Section 22 determines that a director must liquidate a company when...
Under Section 22 of the Companies Act, a director may be held personally liable for a company’s debts if they traded recklessly. This means continuing to operate the company when it was insolvent. Directors are legally required to liquidate the company as soon as it becomes unable to pay its debts or when liabilities exceed assets. Failing to do so can expose directors to personal liability for the company’s debt, especially in cases of reckless trading.
Directors not personally liable for the company's debts unless...
In general, directors are not personally liable for the company’s debts unless they have signed personal sureties When a director has signed a personal surety, they are remain personally liable for the debt of the company that they signed personal surety for. Only the debt that the director signed surety for. If there are no sureties, the director is not liable for the debt of the company (except for SARS that “CAN” (not shall, will, or must) hold a director personally liable for the debt of the company, which, in our experience, does not happen often).
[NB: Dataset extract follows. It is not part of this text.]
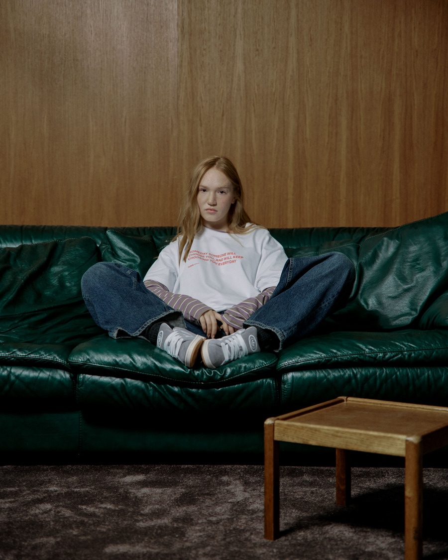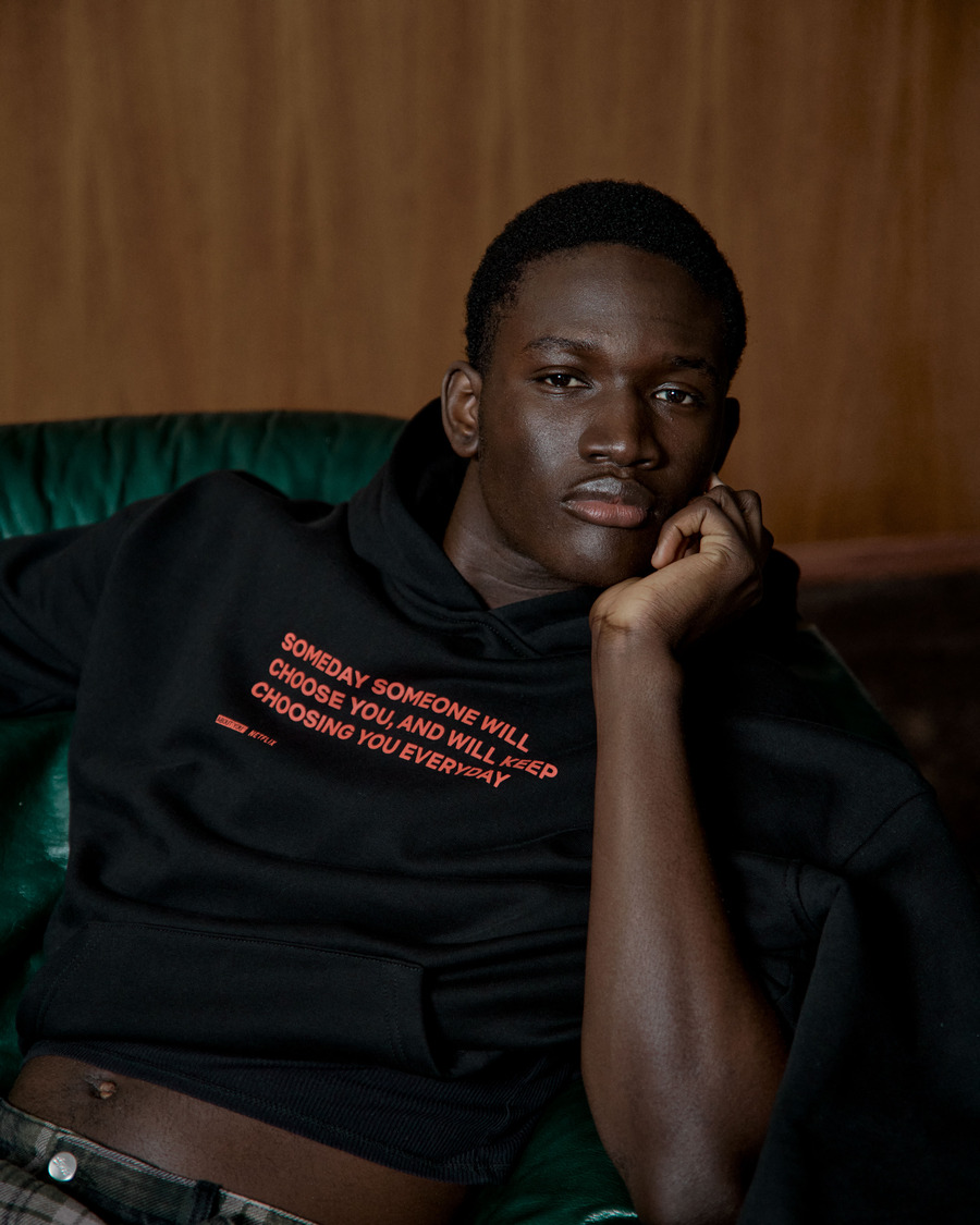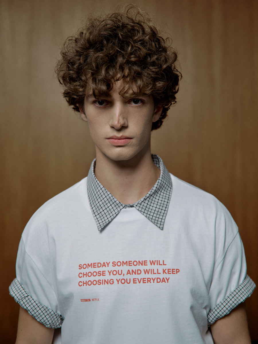 At the heart of this limited selection is one of the most iconic quotes from the beloved series “Sex Education”: “SOMEDAY SOMEONE WILL CHOOSE YOU, AND WILL KEEP CHOOSING YOU EVERY DAY.” This powerful statement is accompanied by the logos of the two collaborators: ABOUT YOU and Netflix.

Directors are not automatically blacklisted after liquidation
Contrary to popular belief, liquidation does not automatically lead to blacklisting for directors. Since a company is a separate legal entity, it is the company, not the director, that holds the financial burden. Personal assets are only at risk if the director has signed sureties for company debts and fails to pay off those sureties. In such cases, the blacklisting stems from unpaid surety agreements, not the company liquidation itself.
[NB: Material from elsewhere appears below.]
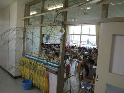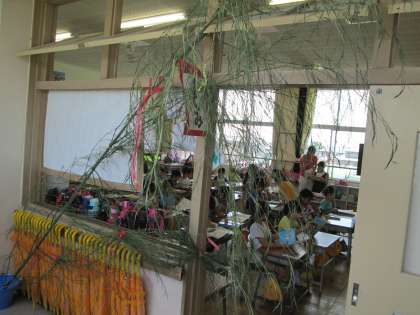 廊下に笹の葉がゆらめいて、そのなかでの勉強です。
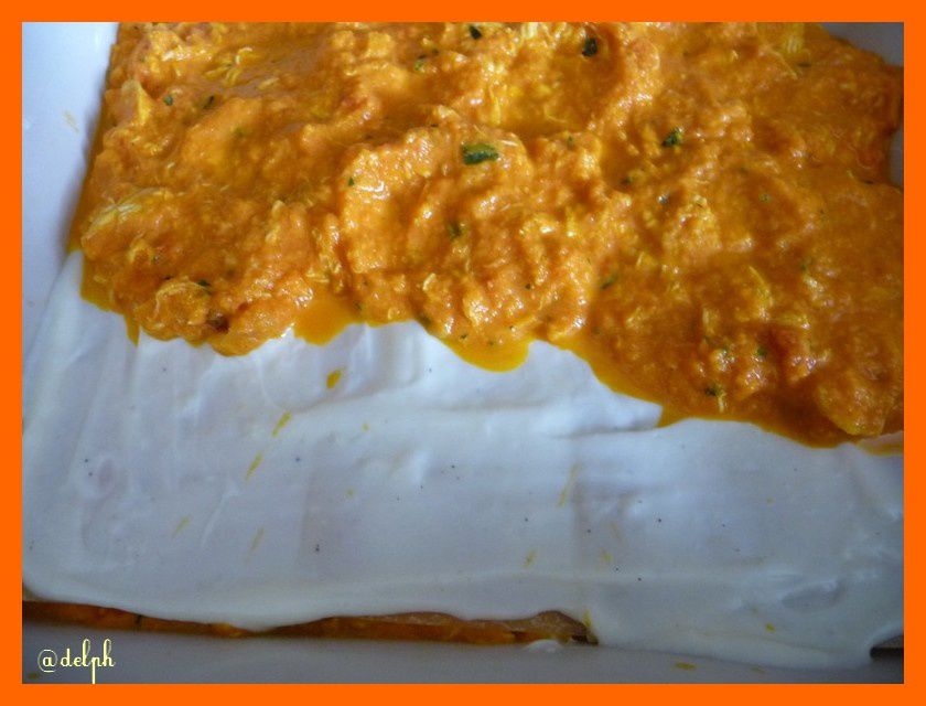 - Déposer 3 feuilles de lasagne côte-à -côte dans un plat à gratin huilé et couvrir d’une couche de crème et d’une couche de carotte/poulet, renouveler l’opération 1 fois et terminer par une couche de lasagnes, ajouter le reste de crème par-dessus, parsemer d’emmental râpé et faire chauffer au four 20 minutes , mettre les 5 dernières minutes à 220°c pour faire gratiner votre plat.

SARS can hold a director personally liable but we don't see it often
In terms of the Tax Act, SARS can (note the word “can” hold directors personally liable for the debt of the company. It is not “shall, will” or ” must”). This distinction is important because if SARS wants to hold a director personally liable, they certainly do not do it in every single case. In our experience with the hundreds and hundreds of liquidations we have done, only 2 of our directors received notice that SARS wants to hold them personally liable. It is possible to manage SARS if this happens so it is not the end of the road and does not mean that SARS will definitely hold the director personally liable.
How do directors protect themselves
A director should know for which creditors they signed personal surety before they start with liquidation. It is very important that you know where you stand with sureties because it may also influence your decision about whether you should consider sequestration or not (individuals sequestrate and businesses liquidate). If you know you have signed surety for most of or majority of the company’s debt, it is better to consider sequestration while you are considering liquidation, so that you can restructure your position. Also, if the sureties are manageable, then it is best to make a payment arrangement for the sureties just before or soon after the liquidation of the company. That way you manage your financial affairs and remove stresses and stay in control.
What about the personal assets of directors
A company or a close corporation is a seperate legal entity from the directors or members, therefore the personal assets of them are not involved in a liquidation. In a liquidation we only work with the company’s assets and not assets that belong to the directors or members or third parties.
Conclusion
Directors are not automatically held liable for a company’s debts after business liquidation. Personal liability typically arises only if personal sureties have been signed. Directors can protect themselves by initiating the business liquidation process promptly and seeking legal advice if needed. Acting early ensures a smoother liquidation and minimizes the risk of financial repercussions for directors.